Теософ изучающим взглядом смотрел на свою собеседницу.

– Предположим, такой способ действительно есть, – сказал он негромко. – Только…

Мадам ван Леберг вся обратилась в слух.

– Только?..

Тихо, но твердо, как стук металла о металл, прозвучал короткий ответ:

– Он дорог.

– Я все отдам, все, я же сказала, что пожертвую всем! – вскричала преданная жена. – Если понадобится моя жизнь, здоровье… молодость уже позади…

Один взгляд на неподвижное и сухое лицо успокоил ее.

– Нет, не жизнь, – бесстрастно сказал князь. – Нужна не жизнь. Деньги.

– Деньги? Я отдам все, что у меня есть! – воскликнула женщина. – Князь, я выросла в состоятельной семье, да и муж мой совсем не беден. Ведь это-то и ужасно: мы жили в роскоши, тратили много денег, а единственно важное, единственно необходимое в этом мире – его жизнь – спасти не могли. Вы думаете, я пожалею отдать последнее су?

– Подумайте все же, мадам, – повторил индус. – Вы не одна. На вас лежит ответственность за детей, за их состояние…

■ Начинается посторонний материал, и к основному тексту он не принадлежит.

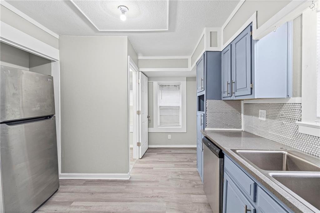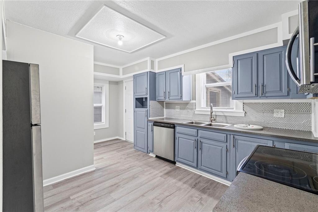 Step into the character and warmth of this 1920 single-family home, thoughtfully updated for modern living while keeping its timeless appeal. A welcoming front porch sets the tone, leading you into spacious rooms with vinyl plank flooring and plenty of natural light. This two-story home offers 4 bedrooms and 1 beautifully remodeled bathroom, with a layout that gives you options. The entire second floor can function as a generous primary suite or be divided into two bedrooms. One of the upstairs rooms is perfectly positioned to become a dream walk-in closet or even an additional bathroom—an excellent opportunity to add value and convenience. The remodeled kitchen blends classic charm with modern function, offering updated finishes and an efficient layout. Outside, the large backyard provides a quiet retreat away from the busy street out front, with alley access that adds flexibility for parking, storage, or future projects. With spacious rooms, thoughtful updates, and a yard that feels like its own private escape, this home delivers historic character with modern comfort and room to grow.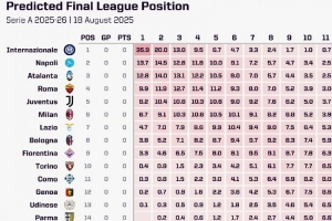 opta預(yù)測本賽季意甲奪冠概率:

– Для Клэр и для Марселины жизнь отца дороже, чем состояние, – перебила его мадам ван Леберг. – Князь, не терзайте меня! Нужно ли вообще говорить об этом? Разве мы уже не потратили бог знает сколько денег? И если ваша наука в самом деле спасет ван Леберга… Требуйте что угодно, что угодно!

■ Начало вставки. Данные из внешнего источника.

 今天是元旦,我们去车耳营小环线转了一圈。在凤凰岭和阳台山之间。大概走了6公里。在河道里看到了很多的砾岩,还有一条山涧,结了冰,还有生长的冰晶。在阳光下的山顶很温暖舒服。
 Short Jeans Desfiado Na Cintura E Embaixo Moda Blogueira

Она смотрела на загадочного восточного ростовщика с мольбой, как на бога. Ей даже в голову в этот момент не пришло, что самые известные врачи Парижа отказывались брать гонорар за услуги, которые они спешили наперебой оказать своему знаменитому другу. Она посчитала вполне естественным, что бесценная жизнь ее мужа стоит дорого, очень дорого.

– Мадам, – снова заговорил индус. – Лично мне, как вы сами можете догадаться, не нужно ничего. Но лекарство стоит больших, очень больших денег, и их вам придется достать. Но это еще не все…

Он помолчал, устремив на женщину неподвижный взгляд.

– Вылечить тело, разрушенное болезнью, уже невозможно, – начал он снова. – Можно лишь поддерживать деятельность нервной системы, питая ее с помощью искусственного источника силы; сила эта идет не из тела. Ее источник открыт тайной наукой, наукой йогов… Мадам, я не имею права это рассказывать, но я все-таки делаю это, и вы можете судить, как я уважаю вас и вашего мужа, как искренне хочу выполнить ваше желание и продлить жизнь моего друга.

Вперив в пространство мрачно сверкающий взгляд, он глухим и глубоким голосом говорил:

– Истинные йоги всю свою жизнь посвящают какой-то одной большой мысли. Случается, мысль еще до конца не додумана, а смерть уже на пороге, – вот тогда они обращаются к этому средству. Но лишь до момента, пока не завершат Мысль; а после по собственной воле отдают тело Смерти, ибо жить без конца – противно естеству человека.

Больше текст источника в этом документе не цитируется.